Provincial Capitals of Sri Lanka - Human Rights and Media

Human Rights and Media

Main articles: Human rights in Sri Lanka and Media in Sri Lanka

The Sri Lanka Broadcasting Corporation (formerly Radio Ceylon) is the oldest-running radio station in Asia, established in 1923 by Edward Harper just three years after broadcasting began in Europe. The station broadcasts services in Sinhalese, Tamil, English and Hindi. Since the 1980s, a large number of private radio stations have also been introduced. Broadcast television was introduced to the country in 1979 when the Independent Television Network was launched. Initially all Television stations were state controlled, but private television networks began broadcasts in 1992. As of 2010, 51 newspapers (30 Sinhala, 10 Tamil, 11 English) are published and 34 TV stations and 52 radio stations are in operation. However in the recent years, freedom of the press in Sri Lanka has been alleged by media freedom groups to be amongst the poorest in democratic countries. Alleged abuse of a newspaper editor by a senior government minister achieved international notoriety because of the unsolved murder of the editor's predecessor who had also been a critic of the government and had presaged his own death in a posthumously published article.

Officially, the constitution of Sri Lanka guarantees human rights as ratified by the United Nations. However human rights in Sri Lanka have come under criticism by Amnesty International and Human Rights Watch, as well as the United States Department of State. Both the separatist Liberation Tigers of Tamil Eelam (LTTE) and the government of Sri Lanka are accused of violating human rights. A report by an advisory panel to the UN secretary-general has accused both the LTTE and the Sri Lankan government of alleged war crimes during final stages of the civil war.

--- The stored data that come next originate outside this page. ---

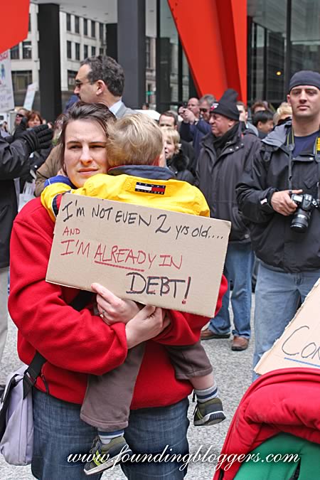 このお母さんは、息子の背中に、「僕はまだ2歳にもならないのに、もう負債者なんだ」と書かれたプラカードを当てている。
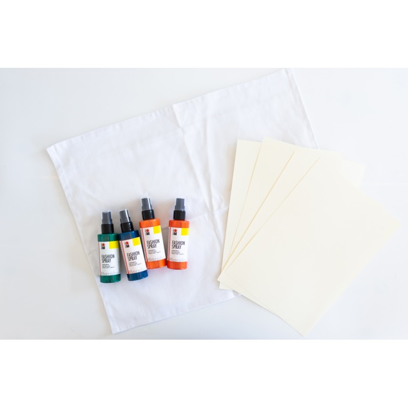 Textilsprayfärg-set med 4 st textilfärg på sprayflaska, 5 st textilväskor i bomull och 1 st maskerin..
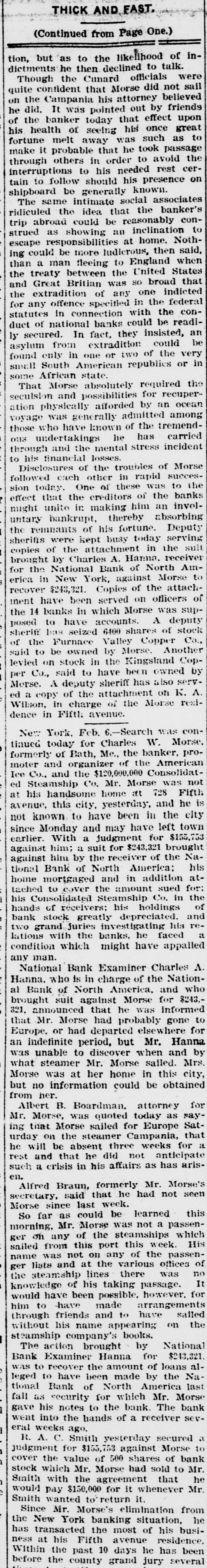 abroad could be reasonal as showing an inclina responsibilities at home could be more ludicrous, tl a man fleeing to Englar treaty between the United Great Britian was SO bro extradition of any one any offence specified in the in connection with t of national banks could 1 secured. In fact, they insi /lum from extradition e only in one or two of South American republi African state. 'hat Morse absolutely required ulsion and possibilities for physically afforded by : was generally admitted who have known of the : undertakings he has and the mental stress financial losses. Disclosures of the troubles ( lowed each other in rapid today. One of these wa that the creditors of th unito in making him a bankrupt, thereby a remnants of his fortune. were kept busy today of the attachment in night by Charles A. Hanna. the National Bank of No in New York, against : $243,321. Copies of the have been served on of 14 banks in which Morse \ to have accounts. A has seized 6400 shares the Furnace Valley Cop to be owned by Morse. on stock in the Kingsla Co., said to have been o A deputy sheriff has a a copy of the attachment ( in charge of the Mo in Fifth avenue. New York, Feb. 6.-Search 1 today for Charles W. merly of Bath, Me., the ban and organizer of the I Co., and the $120,000,000 Co Steamship Co. Mr. Morse his handsome home at 72 this city, yesterday, a known to have been in Monday and may have I With a judgment for ainst him; a suit for $243,321 him by the receiver of Bank of North Ameri mortgaged and in add to cover the amount : Consolidated Steamship C of receivers: his hold stock greatly deprecia grand Juries investigating with the banks, he 1 idition which might have man. National Bank Examiner CI who is in charge of the Bank of North America, ought suit against Morse 1 announced that he was Mr. Morse had probably or had departed elsev indefinite period. but Mr.
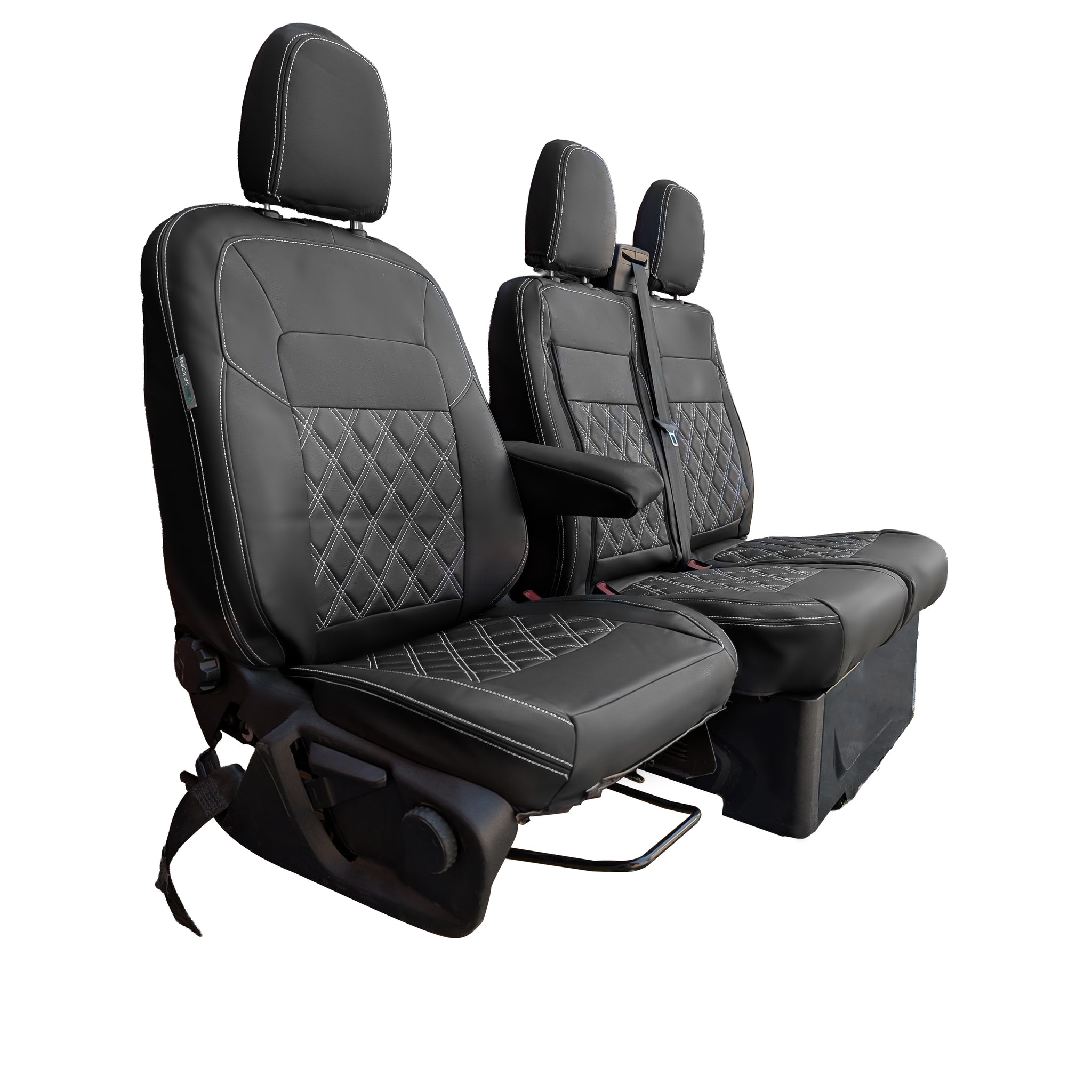 Front seats single and twin, with zip access to fold down tray, suitable for driver seats with 0, 1 or 2 armrests, airbag seams built into the driver and passenger seats. Allows access to all seat functions (under seat storage, access to seatbelts)

The UN Human Rights Council has documented over 12,000 named individuals who have undergone disappearance after detention by security forces in Sri Lanka, the second highest figure in the world, since the Working Group came into being in 1980. The Sri Lankan government has confirmed that 6,445 of these are dead. Allegations of human rights abuses have not ended with the close of the ethnic conflict.